**MATERIAL SUPPLIED**
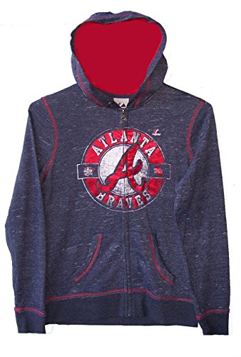 マジェスティックAtlanta BravesレディースサイズMサイズフルZipフード付きパーカーLightweight Sweatshirt w /メタリック箔フロント – ネイビーブルー
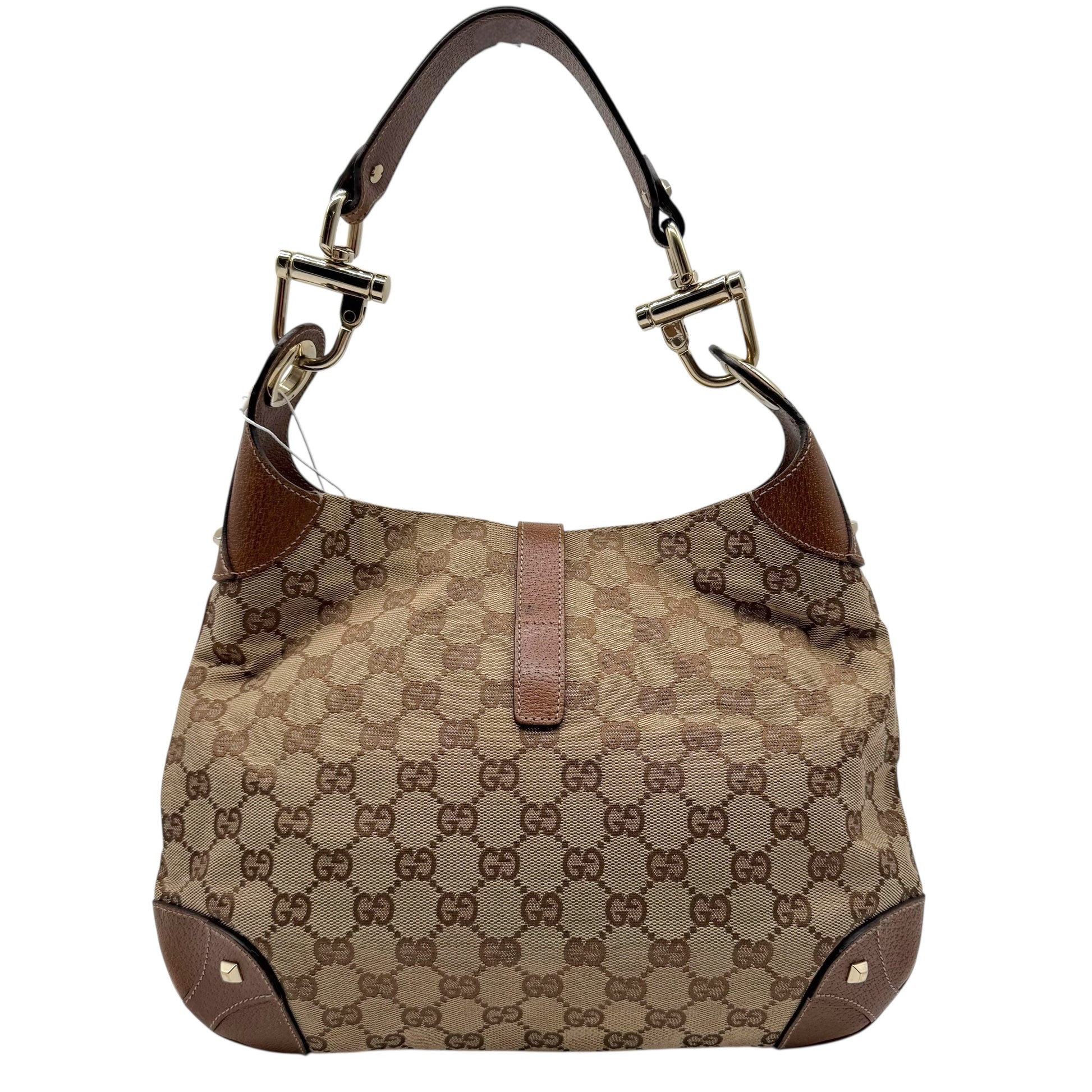 Gucci Tan Monogram & Brown Leather Piston Lock Shoulder Jackie Bag
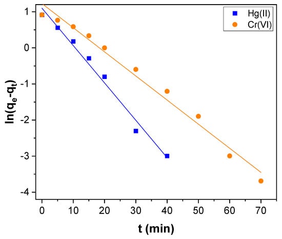 where qe and qt are the quantity of Hg(II) and Cr(VI) (mg g−1) at equilibrium and particular time t (min), respectively. k1 (min−1) is the pseudo–first–order rate constant. The slope of the plot, ln(qe − qt) versus t, provides the value of k1, and the intercept gives the theoretical value of qe.
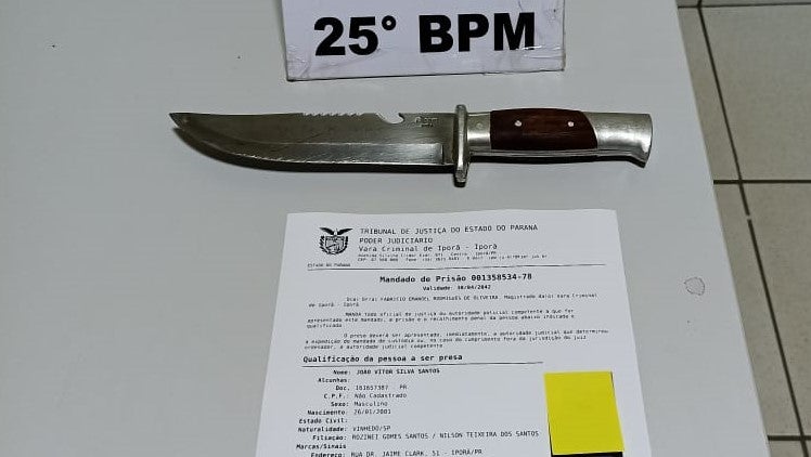 NOITE DE SÁBADO 08/05/2022 às 09:09 Homem com mandado por homicídio é detido em posse de uma faca em Iporã
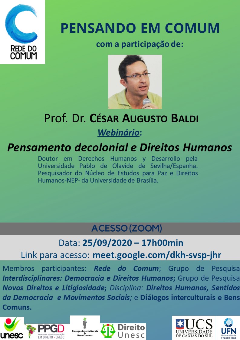 O professor e doutor Antonio Carlos Wolkmer, destacou a importância de se pensar os Direitos Humanos no atual contexto de pandemia como um conjunto de ações para transformação da realidade social, discutindo a falta de acesso à saúde, alimentação, moradia e principalmente à própria vida com dignidade. “O curso vai nos proporcionar esse cuidado pela vida, pela saúde na sua plenitude” ressaltou Wolkmer.

**TASK BRIEF**
Here the requirement is to restate exactly the line holding "NOITE DE SÁBADO" and every later line through the end of the material, omitting pictures.

**RESPONSE AREA**
 NOITE DE SÁBADO 08/05/2022 às 09:09 Homem com mandado por homicídio é detido em posse de uma faca em Iporã
 O professor e doutor Antonio Carlos Wolkmer, destacou a importância de se pensar os Direitos Humanos no atual contexto de pandemia como um conjunto de ações para transformação da realidade social, discutindo a falta de acesso à saúde, alimentação, moradia e principalmente à própria vida com dignidade. “O curso vai nos proporcionar esse cuidado pela vida, pela saúde na sua plenitude” ressaltou Wolkmer.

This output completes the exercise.